Im Finale haben dann sowohl Mead als auch Popp die Möglichkeit, alleinige Rekordhalterin zu werden. „Es ist nicht mein erstes Ziel, hier Torschützenkönigin zu werden“, erklärte Popp allerdings: „Wenn drei andere uns zum Titel schießen, bin ich auch glücklich.“
Popp ist eigentlich keine Stürmerin mehr
Dabei kommt Popp in der Bundesliga beim VfL Wolfsburg gar nicht mehr als Stürmerin zum Einsatz. In der vergangenen Saison wirbelte sie für den Deutschen Meister stets im Mittelfeld. Zu ihrem Karriere-Beginn beim MSV Duisburg spielte Popp sogar noch als Verteidigerin.
Bundestrainerin Martina Voss-Tecklenburg setzt sie dennoch aufgrund ihrer Erfahrung von 119 Spielen für den DFB als Stürmerin ein, was sich bislang ausgezahlt hat.
„Ich war sehr froh, als Martina mir mitgeteilt hat, dass sie mit mir vorne in der Spitze plant.
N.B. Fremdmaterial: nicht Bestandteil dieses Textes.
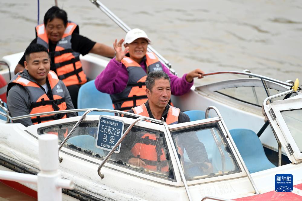 在山西磧口古鎮,村民張保生(前)駕駛快艇在黃河上行駛(9月26日攝)。張保生以前以擺渡為生,開(kāi)的是木船和鐵船,2000年考了快艇駕駛證。如今,他農忙時(shí)種地,農閑時(shí)開(kāi)快艇帶著(zhù)游客在黃河上觀(guān)光,一年能收入3萬(wàn)多元。
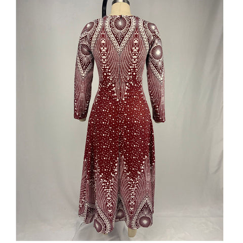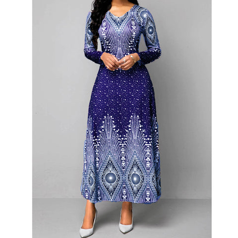 【S-5XL】Evropské a americké retro šaty s dlouhým rukávem a výstřihem do V
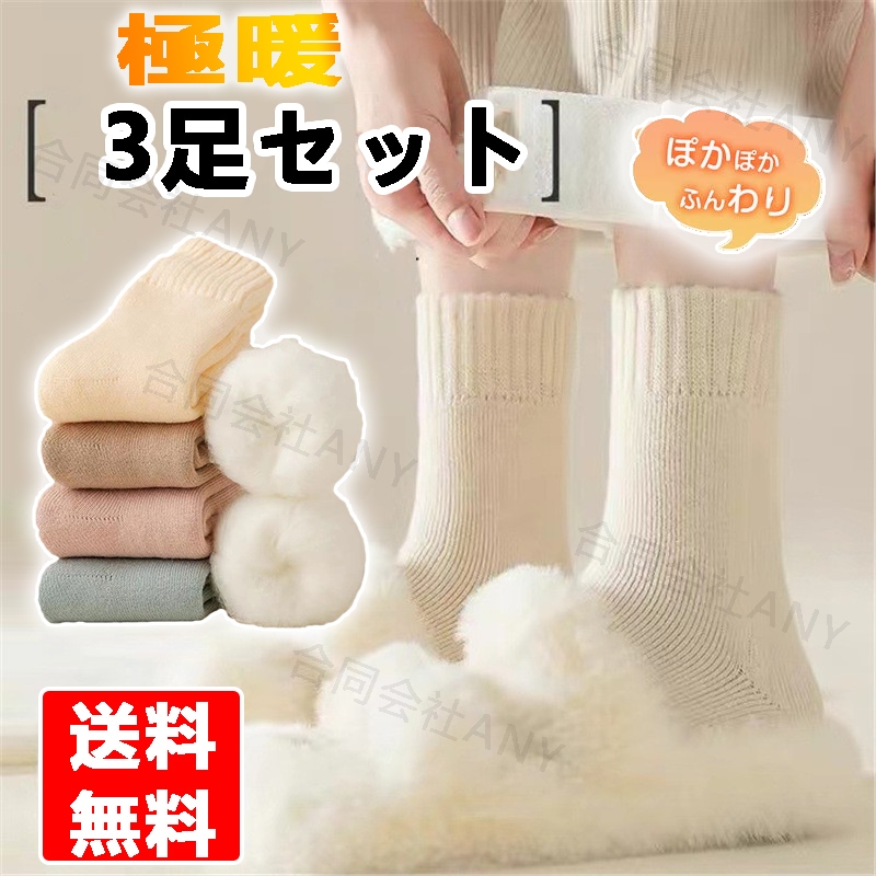 裏起毛靴下 あったか 3足セット 靴下 レディース リブ 裏起毛 ふんわり 厚手 暖か 防寒 冬 秋冬 冷え取り靴下 かわいい

Ich bin froh, den Leuten und Trainern zu zeigen, was ich vorne drauf habe“, so Popp.
Im EM-Finale gegen den Gastgeber aus England (EM-Finale am Sonntag, 18 Uhr im Liveticker) will die Stürmerin erneut ihre Torgefahr unter Beweis stellen und sich mit dem EM-Titel krönen. Ein Siegtor vor 90.000 Zuschauern im legendären Wembley-Stadion wäre der perfekte Abschluss des Turniers - und das wundersame Happy-End einer Leidensgeschichte.